Format Processing Method
Images (JPEG, PNG) OCR text extraction via Tesseract.js (English language)
PDF Multi-page text extraction via PDF.js with page-by-page output
Word (DOCX) Raw text extraction via Mammoth
Excel (XLSX) Row-column parsing with pipe-delimited output via read-excel-file
Plaintext (TXT, MD, JSON, CSV, JS, TS, TSX, JSX, PY) Direct file read

Web Search Integration

The web search functionality in Lorph is engineered with a multi-layered architecture to ensure efficient and accurate information retrieval:

  1. Data Acquisition Layer: Handles raw HTTP requests and employs proxy rotation (using services like allorigins, corsproxy.io, and codetabs) to overcome potential access restrictions and ensure reliable data fetching.
  2. Processing Layer: Focuses on transforming raw HTML data into a queryable Document Object Model (DOM), including URL sanitization and resolution of redirects to obtain clean and usable links.
  3. Knowledge Extraction Layer: Extracts relevant entities and information from various sources, including structured data from the Wikipedia OpenSearch API and unstructured content from DuckDuckGo HTML DOM.
  4. Orchestration Layer: Manages the overall search workflow, performing parallel data fetching, merging results from different sources, deduplicating entries based on normalized URLs, and classifying results by type (e.g., web, video).

Contributing

Contributions to the Lorph project are welcome.
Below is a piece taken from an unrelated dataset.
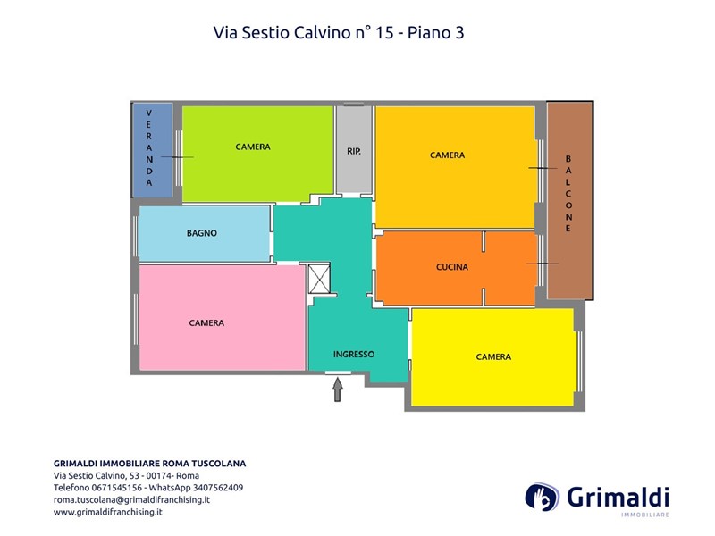 L'immobile è composto interamente da: ampio ingresso, soggiorno, tre camere da letto, servizio, ripostiglio, comodo balcone e veranda.
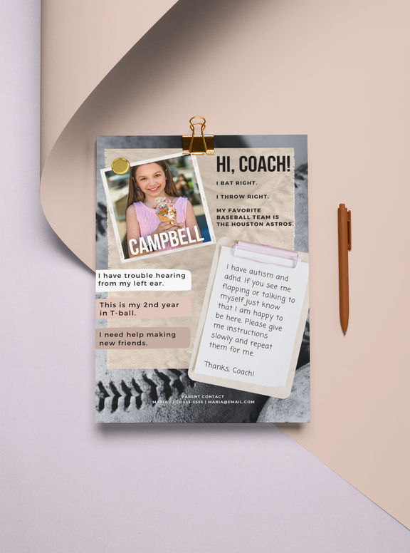 A quick and customizable way to introduce your child and their unique needs, whether it be a teacher, coach, doctor or any care provider in between. Template includes sample information to get you started written by two moms who both have children with disabilities.

For suggestions, feature enhancements, or bug fixes, please adhere to the following workflow:

  1. Fork the repository.
  2. Create a new branch (git checkout -b feature/YourFeature).
  3. Implement your changes and commit them (git commit -m 'Add some feature').
  4. Push your branch to your fork (git push origin feature/YourFeature).
  5. Open a Pull Request to the main repository.

License

This project is distributed under the MIT License. Refer to the LICENSE file for complete details.